Error compiling kernel

I am running into the following cuda error when running certain job types on certain GPU nodes.

**** handle exception rc
set status to failed
Traceback (most recent call last):
  File "cryosparc2_worker/cryosparc2_compute/", line 78, in
  File "cryosparc2_worker/cryosparc2_compute/jobs/template_picker_gpu/", line 62, in
  File "cryosparc2_worker/cryosparc2_compute/jobs/template_picker_gpu/", line 201, in
  File "cryosparc2_worker/cryosparc2_compute/jobs/template_picker_gpu/", line 261, in
  File "cryosparc2_worker/cryosparc2_compute/jobs/motioncorrection/", line 275, in
  File "cryosparc2_worker/cryosparc2_compute/engine/", line 362, in cryosparc2_compute.engine.cuda_core.context_dependent_memoize.wrapper
  File "cryosparc2_worker/cryosparc2_compute/jobs/motioncorrection/", line 267, in
  File "cryosparc2_worker/deps/anaconda/lib/python2.7/site-packages/pycuda/", line 294, in __init__
    self.module = module_from_buffer(cubin)
pycuda._driver.LogicError: cuModuleLoadDataEx failed: device kernel image is invalid - error   : Binary format for key='0', ident='' is not recognized
========= main process now complete.

This has been discussed several times already on the forum:

It seems like this is a common issue, so I would like to understand the cause more thoroughly.

I am able to reproduce the issue from python:

eval `bin/cryosparcw env`
python -c "import as run;" --project P3 --job J14 --master_hostname --master_command_core_port 39122

Since it seems to be a problem in pycuda, I use the following script (derived from their tutorial) to verify that pycuda works and can execute basic CUDA code:

import pycuda.autoinit
import pycuda.driver as drv
import numpy

print("Cuda Version: {}".format(drv.get_version()))
print("Driver Version: {}".format(drv.get_driver_version()))
print("GPU({}): {} # {}".format(pycuda.autoinit.device.count(),, pycuda.autoinit.device.pci_bus_id()))

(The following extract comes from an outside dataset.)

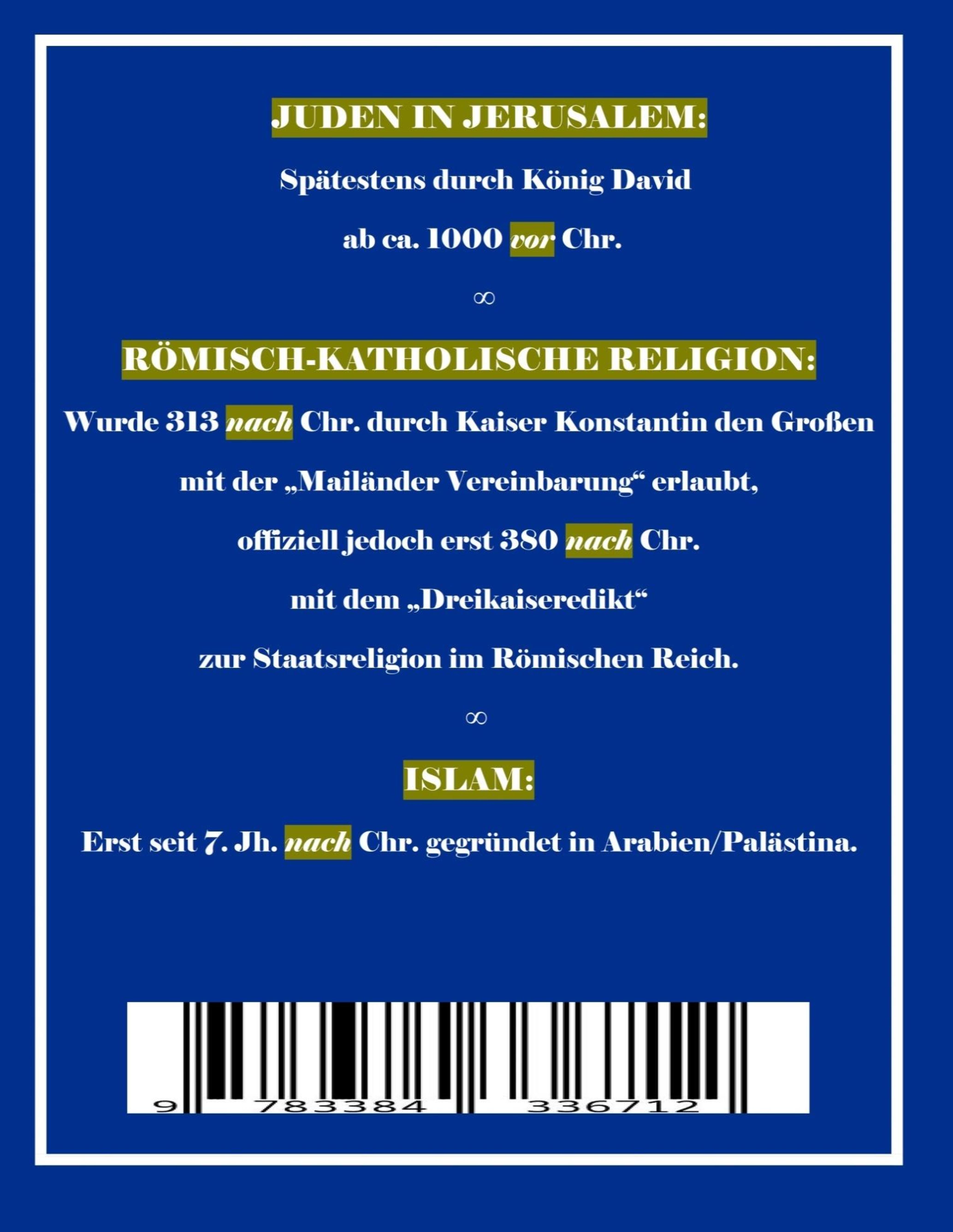 Anlässlich des grausamen Überfalls durch die palästinensische Organisation HAMAS auf den Staat Israel am 7. Oktober 2023: Die muslimische Religion des Islam, der KORAN, befiehlt die Vernichtung Andersgläubiger: Juden und Christen! In den muslimischen Völkern/Ländern gibt es keine Trennung von Staat und Kirche/ Religion, wie bei uns seit der Weimarer Reichsverfassung von 1919, Art. 137. Der Koran ist das Grundgesetz des Muslims. DIE FREIHEIT UND DIE WAHRHEIT, DIE JESUS MEINTE - Vorwort von Marguerite KolloPersönliche Erlebnisse und auch Freundschaften, gerade in der Zeit der Judenverfolgung in den 1920-30er Jahren, hatten meinen Vater dazu bewogen, über das jüdische Volk und die religiöse Herkunft des Judentums zu recherchieren und zu schreiben. ...Wegen des heute besonderen Desinteresses der westlichen Welt in Glaubensfragen und der Fragwürdigkeit kirchlicher Institutionen, habe ich diese Thematik, unter Einbezug der im Archiv gefundenen Ausführungen meines Vaters, in der vorliegenden Form, nach ausführlicher Recherche, erweitert und zusammengestellt. Ich wurde evangelisch erzogen und habe inzwischen mein 89. Lebensjahr vollendet. Religion hat mich immer sehr berührt und interessiert. Und als Kind einer Theaterfamilie hat mich die "Große Inszenierung" und die Schönheit der Kircheneinrichtungen bis heute begeistert. Aber ich gehöre aus Überzeugung keiner Konfession an, weil ich zutiefst an eine uns lenkende Kraft, die man auch Gott nennen darf, glaube und danach lebe. Ich hoffe, dass das aus dem Inhalt des hier vorliegenden Buches hervorgeht. Ich empfinde die von Jesus gepredigte Freiheit aller Menschen so, dass ich frei bin, zu glauben, was oder wie ich es will. Und dass damit nicht die heute so viel gelobte Liberalität, die Freiheit des geistlosen Tuns, gemeint sein kann, sondern eine Verpflichtung zur gelebten und vermittelten Freiheit durch Verstand, Vernunft und Wahrheit. Bei diesem Buch handelt es sich um den lebendigen Juden Jesus von Nazareth bis zu seiner Kreuzigung, der in Jerusalem in einer Zeit gelebt hat, die nicht anders war, als es heute in allen politischen Machtzentren der Fall ist. Es geht hier um Gott - und die Machtpolitik der Menschen, wie auch um die Tatsache, dass den Menschen ihre Schuld durch Gott eigentlich nicht so einfach zu vergeben sein kann. Da nützen auch keine Beichten und Ablässe vor dem angeblich von Gott beauftragten Bodenpersonal. Wer dem glaubt, wird eben nicht selig und dadurch auch nicht ohne Schuld. Wenn das so leicht wäre, müsste man, nach unserem heutigen Verständnis, an der Allmacht Gottes zweifeln. Wenn man aber, wie ich es fühle und tue, und das auf der Basis der 10 Gebote bzw. des Grundgesetzes, an Gott bzw. an eine nicht nennbare oder sichtbare Kraft glaubt, die uns lenkt, dann braucht man keine angeblich von Gott beauftragten Menschen, die fast immer nur an ihre eigene mehr oder weniger ausgeprägte Macht glauben und allein nur dafür kämpfen. Und das war schon zur Lebenszeit Jesu leider nicht anders. Diese Trilogie beinhaltet das Leben des lebendigen Jesus bis zu seiner Kreuzigung, eine Lese-Tragödie aus dem mittelalterlichen Christentum und eine Satire über den Nihilismus, der behauptet, dass es keinen Gott gäbe. Sehr geehrte Leserin, sehr geehrter Leser, ich wünsche Ihnen, auch im Namen meines Vaters Willi Kollo (p.m.), unterhaltende und vor allem für Ihr weiteres Leben an Erkenntnis reiche Stunden. - Ihre Marguerite Kollo - 20. Juli 2024

from pycuda.compiler import SourceModule
mod = SourceModule("""
__global__ void multiply_them(float *dest, float *a, float *b)
    const int i = threadIdx.x;
    dest[i] = a[i] * b[i];

multiply_them = mod.get_function("multiply_them")

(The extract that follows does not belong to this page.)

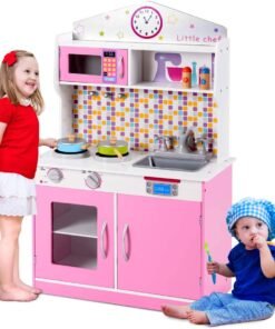 Kids Kitchen Set with Sink and Faucet, Stove, Oven and Microwave

a = numpy.random.randn(400).astype(numpy.float32)
b = numpy.random.randn(400).astype(numpy.float32)

dest = numpy.zeros_like(a)
        drv.Out(dest), drv.In(a), drv.In(b),
        block=(400,1,1), grid=(1,1))

print(dest - a*b)

This prints the expected cuda toolkit and driver versions, as well as the expected [0...] output. So it appears basic pycuda works.

My next step would normally be to look at the cuda code from cryosparc2_compute/jobs/motioncorrection/, but this is from a compiled extension in cryosparc. Is the source for that available anywhere, or is it considered proprietary? If the latter, could the devs provide any hints about what cuda features might be in use there that are causing the error?

BTW, a secondary bug report: cryosparcw exits with status 0 after this error. Thus it is reported as a “successful” job in our monitoring system.

The errors seem to happen on nodes with Nvidia GTX 1080 or 1080Ti GPUs. Weirdly it was successful on a different node with an RTX 2080Ti. However we have few 2080Ti nodes available, so I’d like to solve it on the older models.

Current cryoSPARC version: v2.13.2
GPUs with errors: Nvidia GTX 1080, Nvidia GTX 1080Ti
GPUs without errors: Nvidia RTX 2080Ti
Cuda Driver: 440.64.00 (all systems)
Cuda Toolkit: 10.0.130 (all systems)

I’ve determined that the failing jobs (e.g. blob picker, template picker, probably others) fail consistently on GTX 1080 and 1080Ti GPUs, and complete successfully on RTX 2080Ti cards. That’s weird, since all machines have the same driver and toolkit versions installed, and it should be compatible with all three cards.

Some more info about the cuda code being executed would be really helpful here, but I’m unsure how to get it.